# Windows Media Center 2005 Composite Input Setup



## zeek zeon (Aug 1, 2002)

I recently bought a Media Center enabled computer. Now I'm trying to hook up my Gamecube, or any composite input for that matter, however this is proving very problamatic. Whenever I try to have the computer detect my input, it sees the Gamecube as a "set-top." It even finds the composite input, and I can see the screen in a tiny box. However, since it posesses no IR ports, I cannot complete this installation.
So, I tried doing a manual install. However I can't figure out how to get the computer to recognize the composite input. Is this a setting outside of Media Center, or am I missing something? The computer I have media center on is not connected to the internet, and would this help?


----------



## eddie5659 (Mar 19, 2001)

Hiya

I've moved this to Multimedia forum, as you may get more response here 

Are you still having this problem?
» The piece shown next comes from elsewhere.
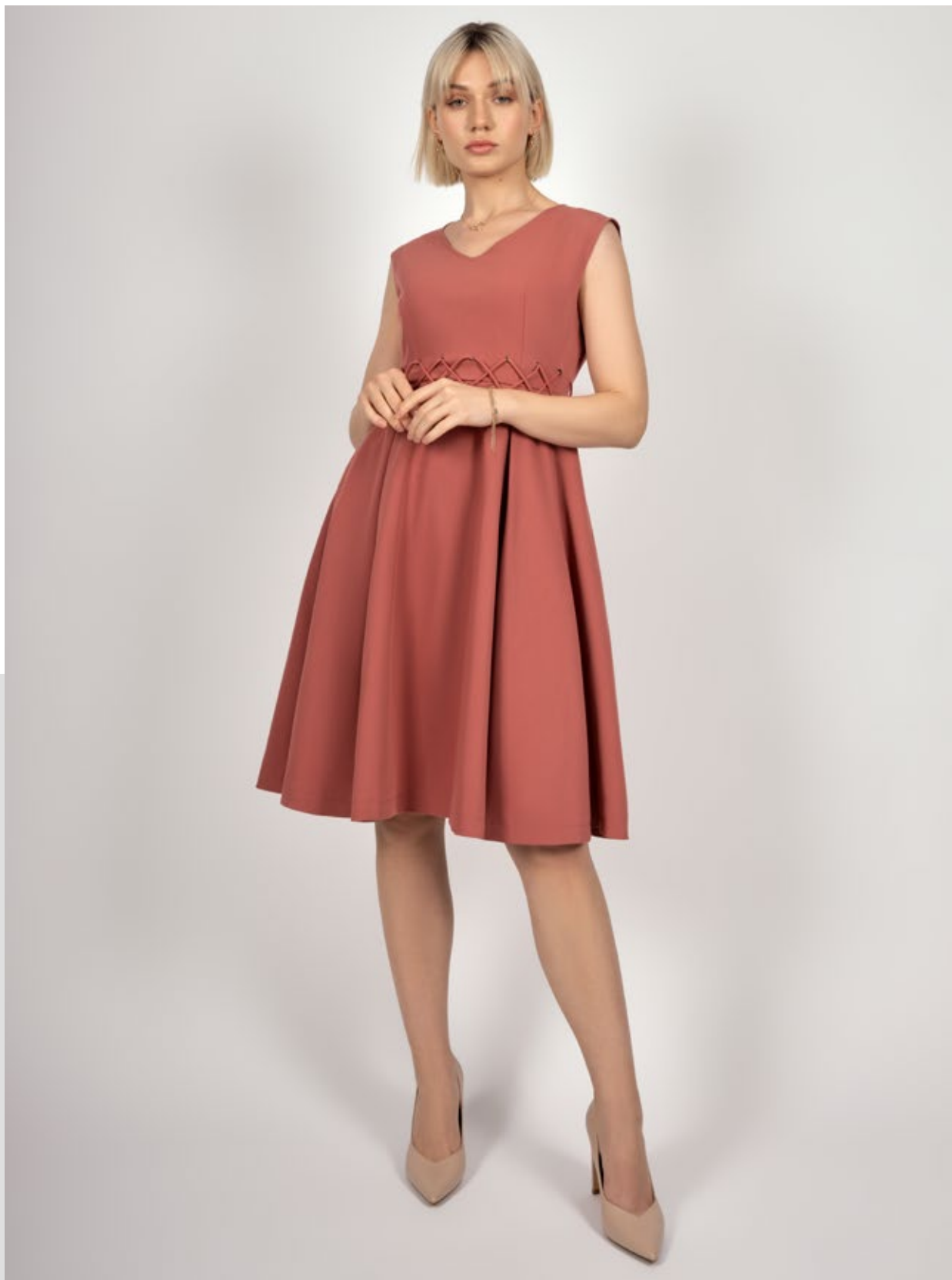
5th Avenue Day- Dress
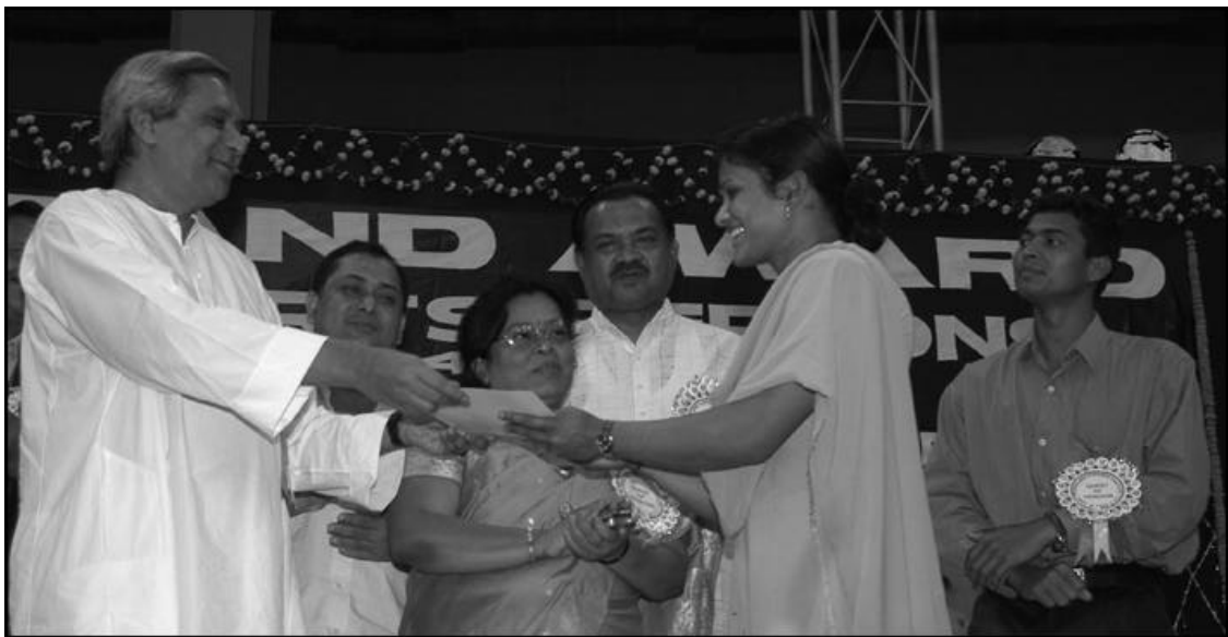
Hon'ble Chief Minister Shri Naveen Patnaik presenting awards and incentives to the sports persons of the State at Indoor Stadium, Cuttack in a function organised by the Sports & Youth Services Department. Shri Debasis Nayak, Minister, Information & Public Relations, Sports & Youth Services and Cuttack Mayor Nibedita Pradhan are also present.

If so, I found this for the Xbox, so some of it may be relevent:

http://www.microsoft.com/windowsxp/mediacenter/evaluation/devices/setup/xbox.mspx

Ah, see if this helps:

http://groups-beta.google.com/group...read/thread/ce6fa3a0f4bcf5a/067c9fef237633b2?

Looks like it may not be an easy thing to do, but I can have a better dig around if you want 

Regards

eddie


----------